▶ [ACTIVITY]
Begin at the first line of the data and copy each line through the one containing "הטופ חתוך כך", that line included, with no pictures.

▶ [GIVEN MATERIAL]
####################
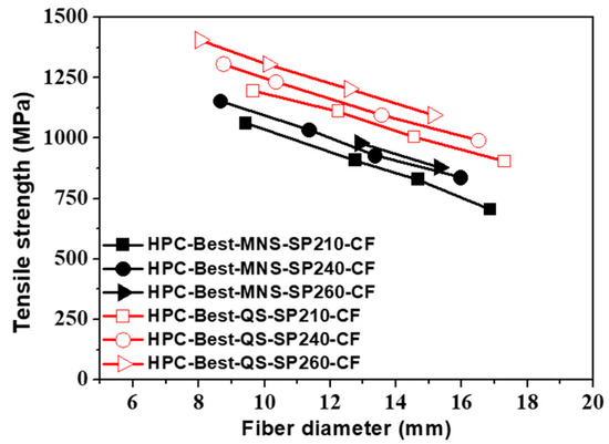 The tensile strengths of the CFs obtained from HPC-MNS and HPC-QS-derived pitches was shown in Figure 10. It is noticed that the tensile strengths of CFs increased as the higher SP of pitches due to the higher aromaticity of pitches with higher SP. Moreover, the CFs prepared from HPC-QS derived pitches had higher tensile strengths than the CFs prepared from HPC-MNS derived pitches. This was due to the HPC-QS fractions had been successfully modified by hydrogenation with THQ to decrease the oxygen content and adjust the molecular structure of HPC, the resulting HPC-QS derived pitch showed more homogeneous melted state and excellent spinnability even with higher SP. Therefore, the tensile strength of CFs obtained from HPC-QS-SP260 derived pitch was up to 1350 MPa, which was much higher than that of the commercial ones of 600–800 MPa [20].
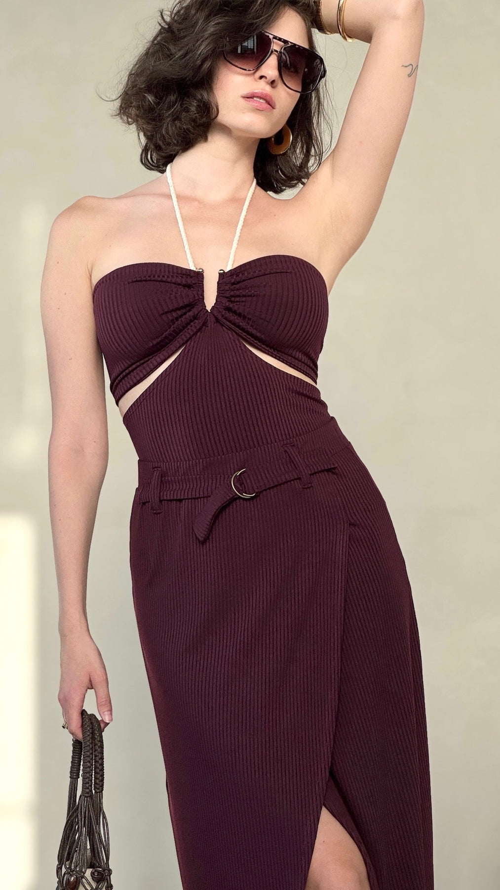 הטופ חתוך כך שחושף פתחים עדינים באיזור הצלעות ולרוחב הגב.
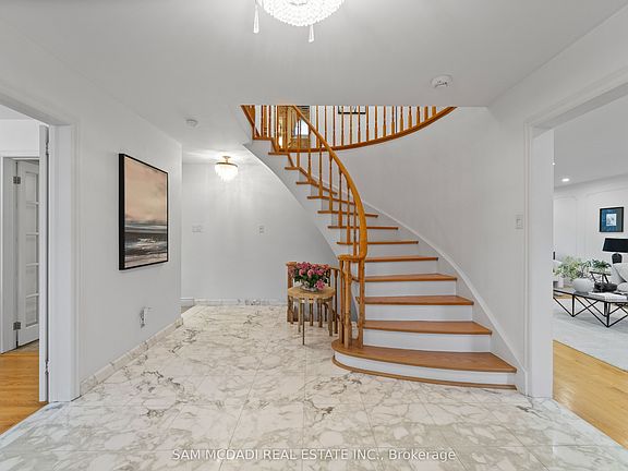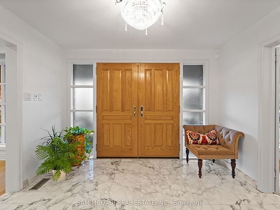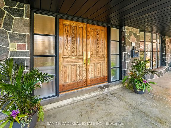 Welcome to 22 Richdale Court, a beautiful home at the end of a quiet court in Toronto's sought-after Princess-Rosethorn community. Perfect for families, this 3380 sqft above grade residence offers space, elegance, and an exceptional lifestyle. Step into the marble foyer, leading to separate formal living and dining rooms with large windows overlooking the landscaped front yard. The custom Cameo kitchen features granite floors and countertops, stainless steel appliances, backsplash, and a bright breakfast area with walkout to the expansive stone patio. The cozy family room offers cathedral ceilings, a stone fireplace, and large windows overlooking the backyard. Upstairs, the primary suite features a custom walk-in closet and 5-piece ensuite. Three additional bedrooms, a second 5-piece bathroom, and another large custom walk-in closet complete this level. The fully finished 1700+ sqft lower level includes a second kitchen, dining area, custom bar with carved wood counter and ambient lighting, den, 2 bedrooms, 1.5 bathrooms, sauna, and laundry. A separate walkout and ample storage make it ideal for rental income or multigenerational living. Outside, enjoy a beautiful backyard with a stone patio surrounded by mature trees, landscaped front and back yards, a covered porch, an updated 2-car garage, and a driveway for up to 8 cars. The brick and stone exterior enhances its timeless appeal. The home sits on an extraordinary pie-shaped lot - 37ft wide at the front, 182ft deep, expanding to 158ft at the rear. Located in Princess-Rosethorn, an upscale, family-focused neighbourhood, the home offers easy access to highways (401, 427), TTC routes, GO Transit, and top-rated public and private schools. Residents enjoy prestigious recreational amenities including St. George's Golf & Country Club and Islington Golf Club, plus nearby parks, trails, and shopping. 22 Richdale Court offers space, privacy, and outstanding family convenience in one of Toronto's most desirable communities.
####################
▶ [OUTPUT]
 The tensile strengths of the CFs obtained from HPC-MNS and HPC-QS-derived pitches was shown in Figure 10. It is noticed that the tensile strengths of CFs increased as the higher SP of pitches due to the higher aromaticity of pitches with higher SP. Moreover, the CFs prepared from HPC-QS derived pitches had higher tensile strengths than the CFs prepared from HPC-MNS derived pitches. This was due to the HPC-QS fractions had been successfully modified by hydrogenation with THQ to decrease the oxygen content and adjust the molecular structure of HPC, the resulting HPC-QS derived pitch showed more homogeneous melted state and excellent spinnability even with higher SP. Therefore, the tensile strength of CFs obtained from HPC-QS-SP260 derived pitch was up to 1350 MPa, which was much higher than that of the commercial ones of 600–800 MPa [20].
 הטופ חתוך כך שחושף פתחים עדינים באיזור הצלעות ולרוחב הגב.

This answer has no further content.